Also, while it's perfectly acceptable to present just qualitative evaluation results, for a journal paper you really need to justify why this is so. And whether or not the results can be seen to be representative of the target user population. Off the top of my head I would say one reason might be small numbers in each study. However, that alone is not enough. Another might be the use of expert reviewers. But it is not for me to surmise, but for the authors to clarify.
MINOR POINTS
p.5, col 2, top - "The recommended color scheme has been designed in accordance with the general guidelines: For instance, and inline with …" - is there something missing here - the first sentence doesn't end. Also, should be "[in line] with"
CITATIONS & REFERENCES
OntoViz is mentioned but never referenced.

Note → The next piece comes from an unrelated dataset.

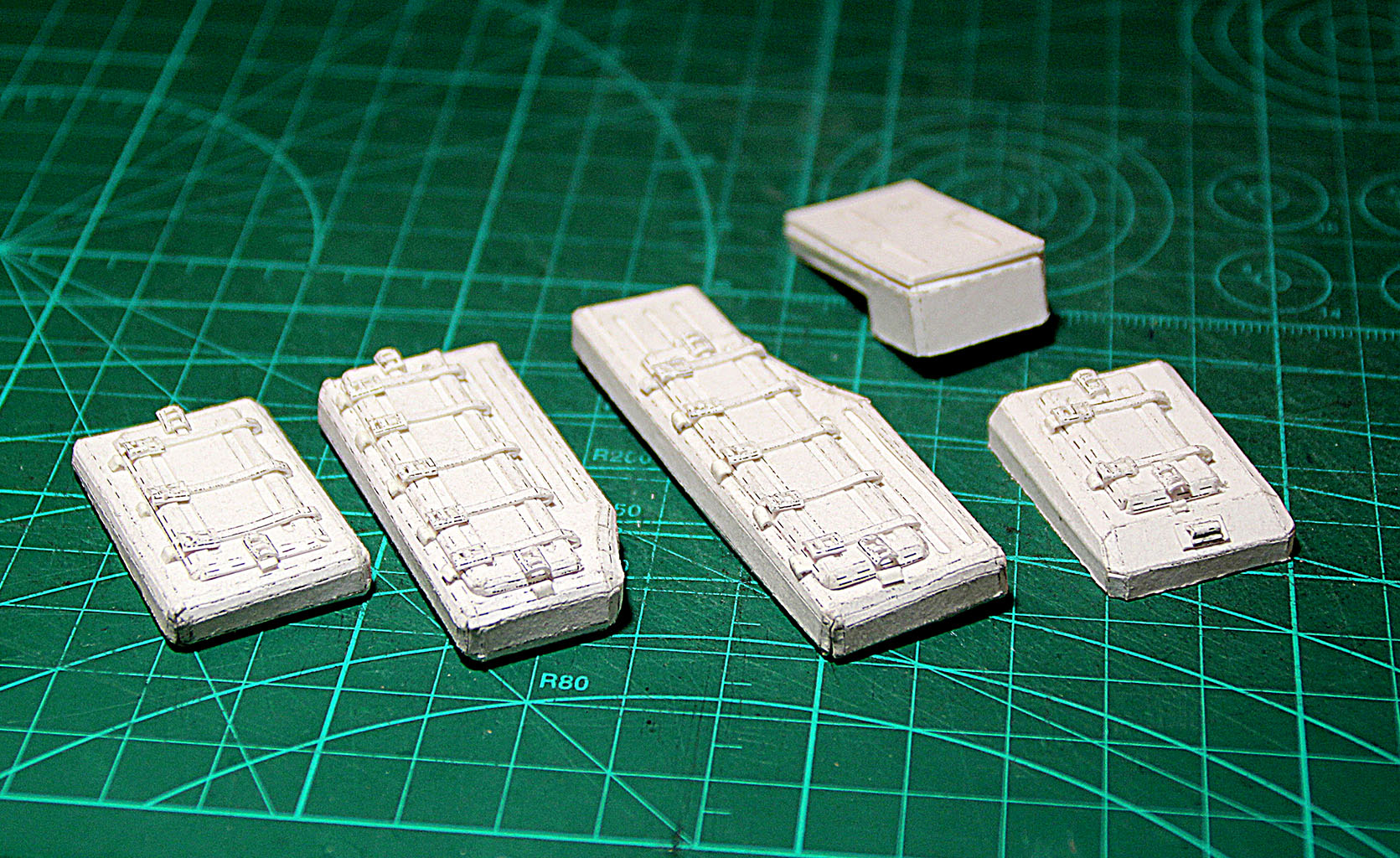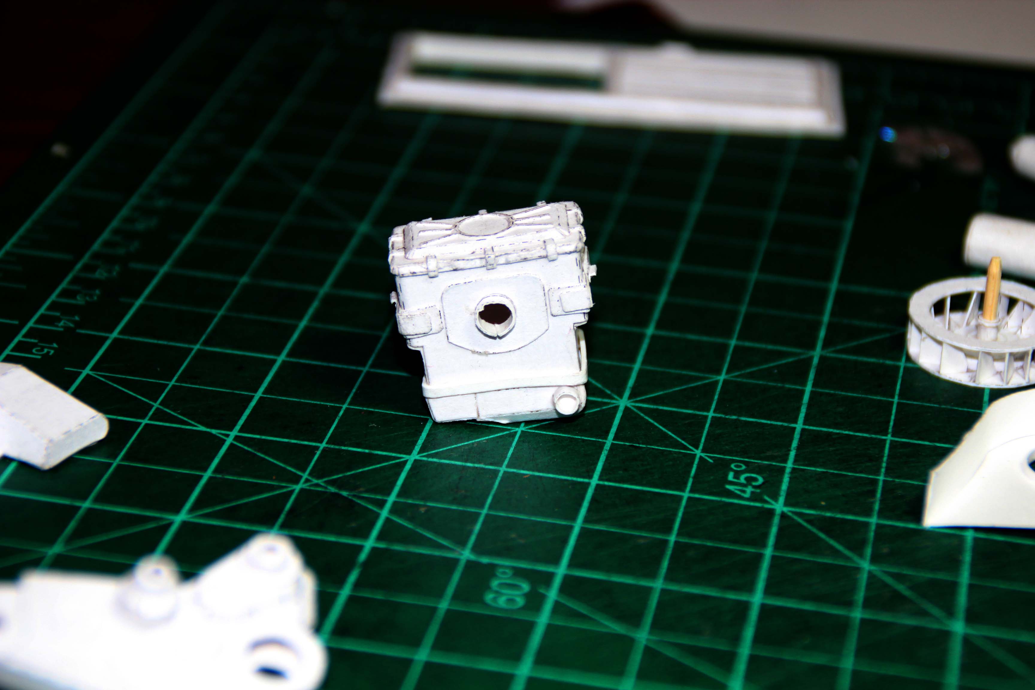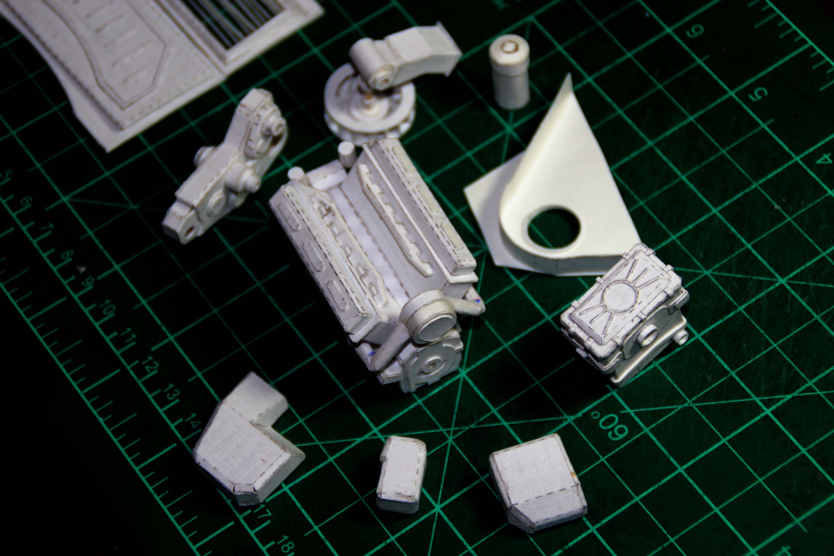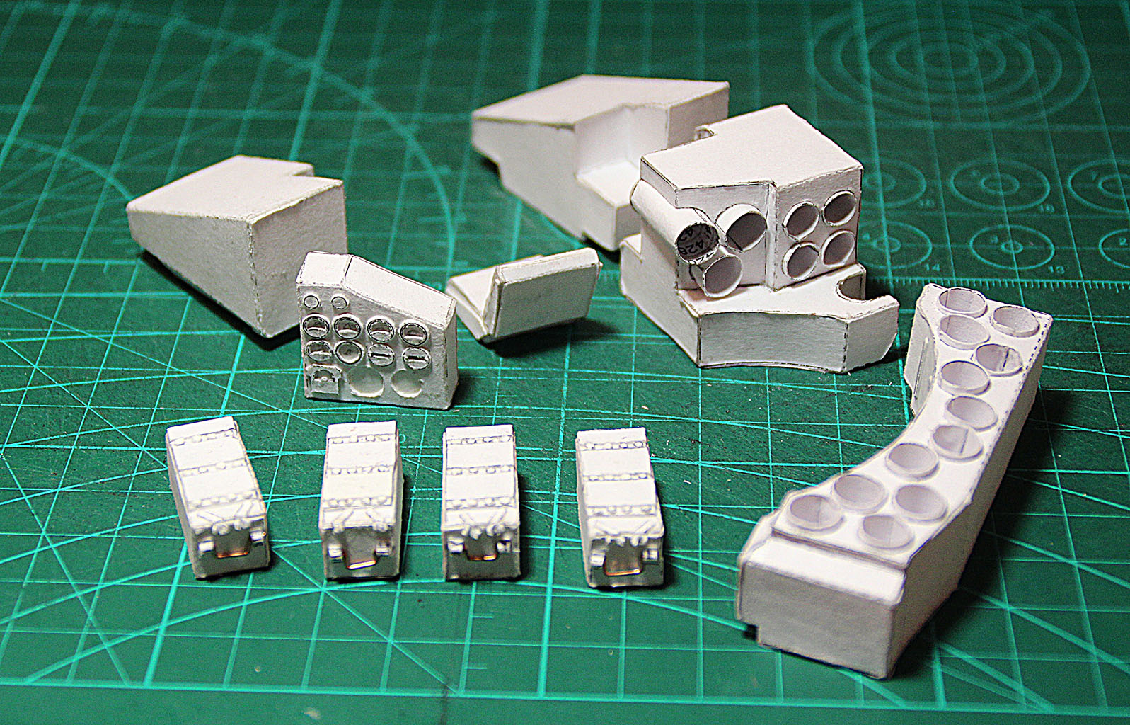 вообщем детали проектируется, разворачиваются и клеются в основном штучно: замоделил, развернул, склеил. если выявились несхождения или неудобства - тут же переделываю, пока свежо в памяти.

Ordering at the start is weird - appears to list URLs only, but then there are a few others scattered within the rest of the references (which are subsequently listed alphabetically).
Check that capitalisation is maintained for acronyms, e.g., [11] "OWLGrEd: a uml style graphical notation and editor for OWL 2."
And also consistently named, e.g., RDFgravity in [62] but "RDF Gravity" in text.
LANGUAGE & PRESENTATION
OWL === Web Ontology Language - wd suggest "OWL (Web Ontology Language)"
"an increasing number of people in modern knowledge societies get in contact with ontologies." -> "… COME INTO contact with"
"users would not discover them as flawlessly as the permanently displayed elements" (p.12) - "flawlessly" here is a bit strange, maybe "effortlessly" or "easily"?
"5.3. Benchmark of the VOWL Visualization" -consider "BenchmarkING" or "Benchmark TESTING" - as otherwise the header implies that "VOWL Visualization" is the benchmark, rather than that it is being tested.
Ditto "… in contrast to ProtégéVOWL at the time the benchmark was performed…"
Overall, well written and easy to read. A number of minor corrections needed - should be picked up by an auto-check and proof-read.
|